Please feel free to address any business questions to the Deutsche Bank and Credit Suisse contacts below
or any legal questions to Courtney Thomas at Simpson Thacher on 212-455-3041.


Marc Tarkington 212 250-6153                            James Moran 212 325-9176
Dusan Lazarov     212 250-0211                          Dana Klein     212 538-7911
Deutsche Bank Trust Company Americas                    Tom Cantello 212 325-6865
Administrative Agent                                    Credit Suisse
                                                        Administrative Agent
Sandeep Desai
Deutsche Bank Securities Inc.
212 250-0796




022537-0132-10169-NY03.2540319
3


                                                                            EXECUTION COPY


                                       SECOND AMENDMENT

                SECOND AMENDMENT, dated as of September [__], 2006 (this
“Amendment”), to the Amended and Restated Revolving Credit, Term Loan and Guarantee
Agreement, dated as of February 23, 2006 (as heretofore amended, supplemented or otherwise
modified, the “Credit Agreement”), among (i) CALPINE CORPORATION (the “Borrower”),
(ii) the subsidiaries of the Borrower named therein (the “Guarantors”), (iii) CREDIT SUISSE
SECURITIES (USA) LLC and DEUTSCHE BANK SECURITIES INC. (“DBSI”), as joint
syndication agents (in such capacities, collectively, the “Syndication Agents”), (iv) DEUTSCHE
BANK TRUST COMPANY AMERICAS (“DB”), as administrative agent for the First Priority
Lenders hereunder (in such capacity and including any successors, the “First Priority Agent”),
(v) GENERAL ELECTRIC CAPITAL CORPORATION (including its successors, “GE
Capital”), as Sub-Agent for the Revolving Lenders hereunder (in such capacity and including
any successors, the “Sub-Agent”), (vi) CREDIT SUISSE (“CS”), as administrative agent for the
Second Priority Term Lenders hereunder (in such capacity and including any successors, the
“Second Priority Agent”), (vii) LANDESBANK HESSEN THÜRINGEN GIROZENTRALE,
NEW YORK BRANCH, GE CAPITAL and HSH NORDBANK AG, NEW YORK BRANCH,
as joint documentation agents for the First Priority Lenders hereunder, and BAYERISCHE
LANDESBANK, GE CAPITAL and UNION BANK OF CALIFORNIA, N.A., as joint
documentation agents for the Second Priority Lenders hereunder (in such capacities and
including any successors, collectively, the “Documentation Agents”), and (viii) each of the
financial institutions from time to time party hereto (collectively, the “Lenders”).

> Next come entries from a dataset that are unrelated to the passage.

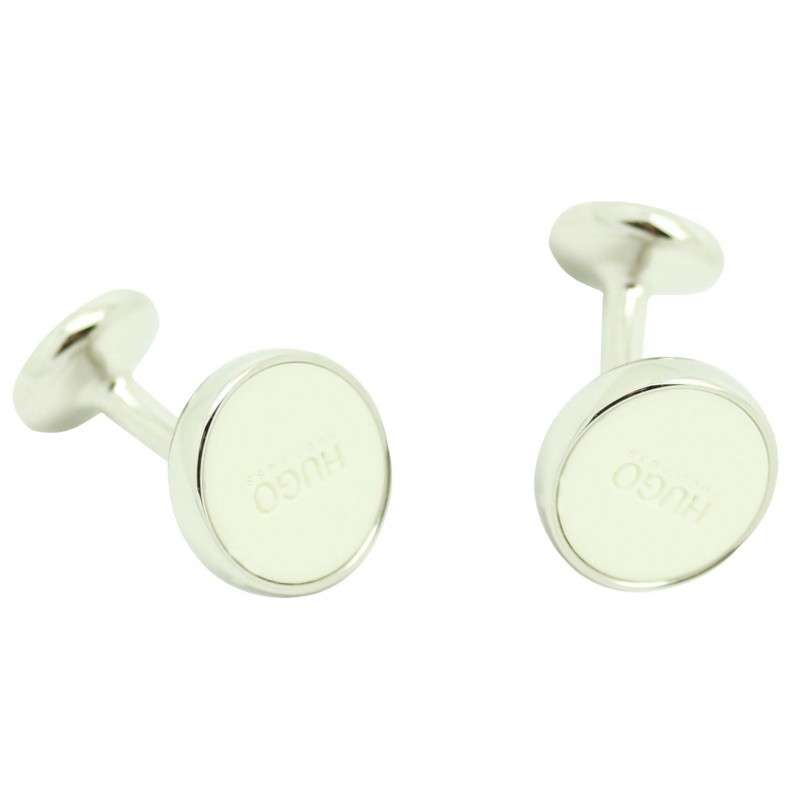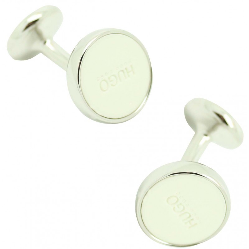 Runde klassische weiße Manschettenknöpfe von Hugo Boss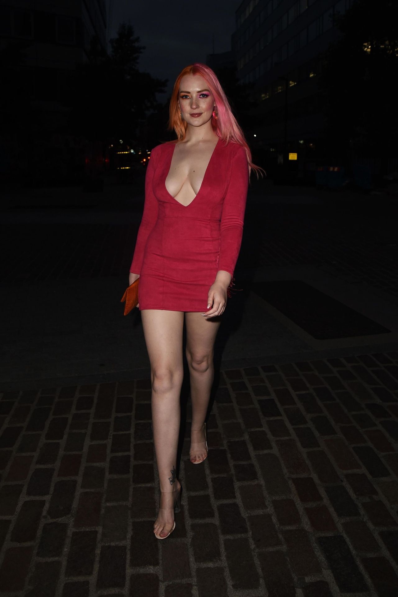 La modella Victoria Clay partecipa alla prima londinese del film LUCID alla Old Street Gallery di Londra, 09/07/2020. La bellezza dalle gambe lunghe mostra il suo décolleté indossando un vestito rosso.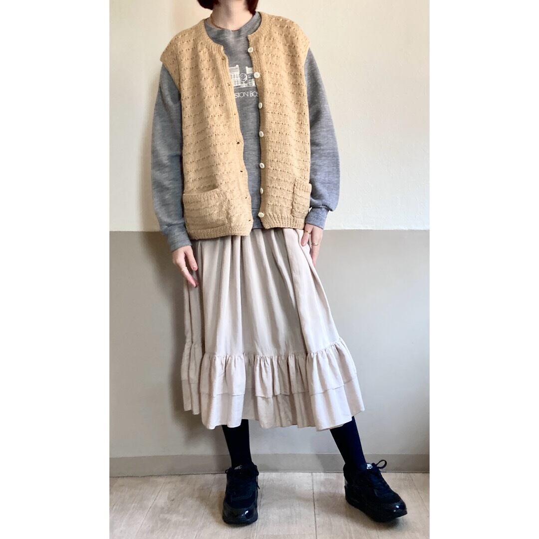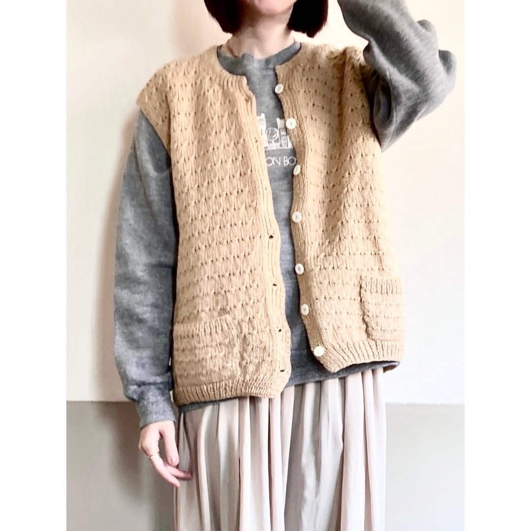 小さなポケットや編み模様がヴィンテージのハンドニットならではの雰囲気。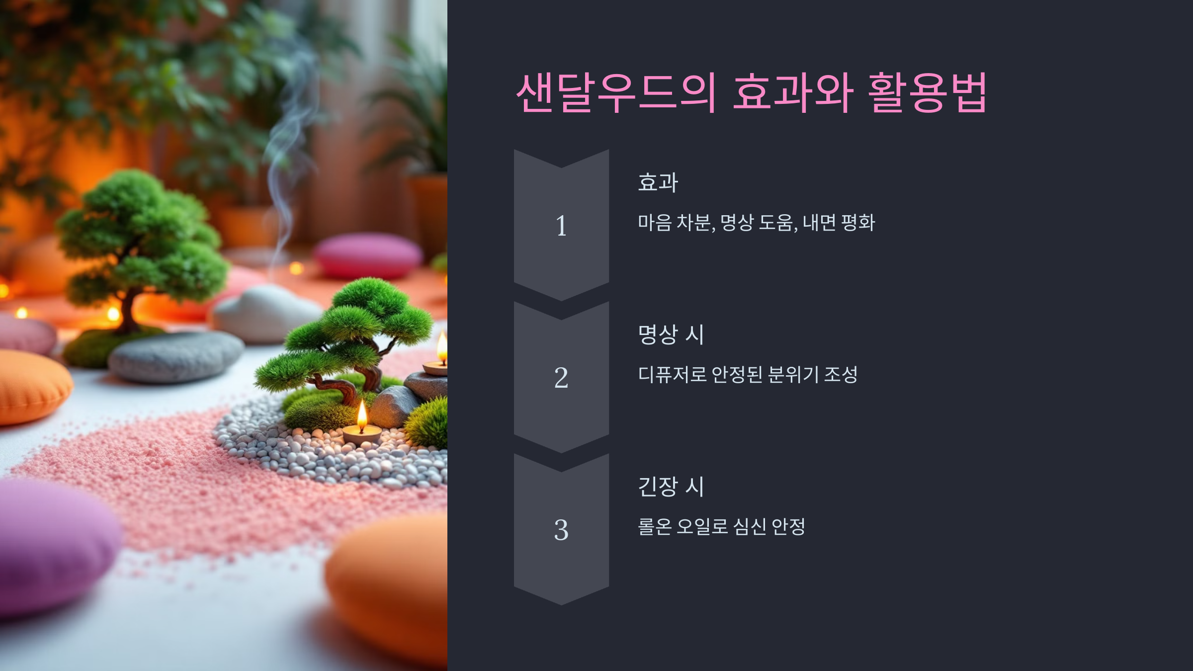 - 활용법: 명상이나 요가 시간에 샌달우드 향을 디퓨저로 사용해보세요. 긴장이 많이 될 때 휴대용 롤온 오일을 사용해 심신의 안정을 찾을 수 있습니다.

                                         WITNESSETH:

                    WHEREAS, the Borrower, the Lenders and the Agents are parties to the Credit
Agreement;

               WHEREAS, the Borrower has requested that the Lenders agree to amend certain
provisions of the Credit Agreement as set forth below; and

              WHEREAS, the Lenders have agreed to such requested amendments, but only
upon the terms and conditions set forth herein;

               NOW, THEREFORE, in consideration of the premises and the mutual agreements
contained herein, and for other valuable consideration the receipt of which is hereby
acknowledged, the Borrower, the Lenders and the Administrative Agents hereby agree as
follows:




022537-0132-10169-NY03.2540319
4

               SECTION 1. DEFINITIONS. Unless otherwise defined herein, capitalized
terms are used herein as defined in the Credit Agreement.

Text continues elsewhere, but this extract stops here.